Despite the high hopes, Fritz and Gull were not able to break into the top 5. Stockfish 7 still crushes everything that gets on its way. Fritz and Gull could bite Komodo from time to time but they can't steal enough draws from Stockfish. That makes the gap between the fish and the reptile more visible now. Android needs a new Komodo version...

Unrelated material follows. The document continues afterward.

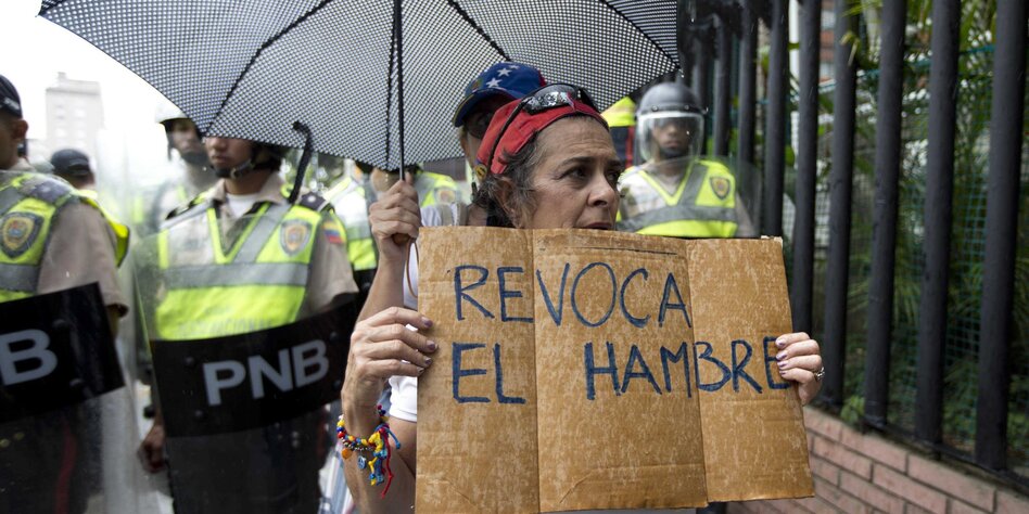 Tausende fordern eine rasche Abstimmung über Präsident Maduro. Die Nahrungsmittelknappheit bleibt bestehen. Im Zoo von Caracas schlachteten Unbekannte ein Pferd.

The highlights of this release:
* ADDED Fritz 14
* UPDATED Gull 1.2 to 3
* UPDATED Ivanhoe 9.46h to 9.47c beta
* DELETED Cylcone due to similarity with Grapefuit & Toga
* DELETED The Mad Prune due to similarity with Grapefuit & Toga
After 4 extra days of delay, i was able to finish another complete round and to increase the number of games by 18, so that this release is not only an introduction of updates but also some more games by all engines. Narrower error margins matter, though, it's still more than 30 ELOs.

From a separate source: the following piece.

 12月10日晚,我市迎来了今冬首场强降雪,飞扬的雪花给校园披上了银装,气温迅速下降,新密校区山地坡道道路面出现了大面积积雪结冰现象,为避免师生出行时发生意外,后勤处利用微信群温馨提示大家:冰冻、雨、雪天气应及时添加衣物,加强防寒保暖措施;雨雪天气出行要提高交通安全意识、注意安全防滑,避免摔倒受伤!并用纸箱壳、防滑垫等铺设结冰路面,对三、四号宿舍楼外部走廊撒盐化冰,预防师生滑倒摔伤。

The nasty rule is: Less error requires more games >> More games require more full rounds >> More full rounds require less gauntlets, less updates. Unfortunately, the latter happens very rarely.

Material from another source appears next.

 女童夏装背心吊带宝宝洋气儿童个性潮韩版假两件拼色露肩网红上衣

One thing which gets clear is the relationship between the average ELO difference between players and the accuracy of the ranking.
Shortly said, the main targets of a perfect rating list are:
* Unlimited & equal number of games played by each engine
* 100% draw rate
* Average ELO difference between opponents of each game = 0
* For each engine, a perfect bell curve distribution of the number of games vs all opponents within the neighborhood of +/- 100 ELO
Sure, no list can reach above targets at once. One can get close to the last one with extreme care but the first three are utopic and impossible.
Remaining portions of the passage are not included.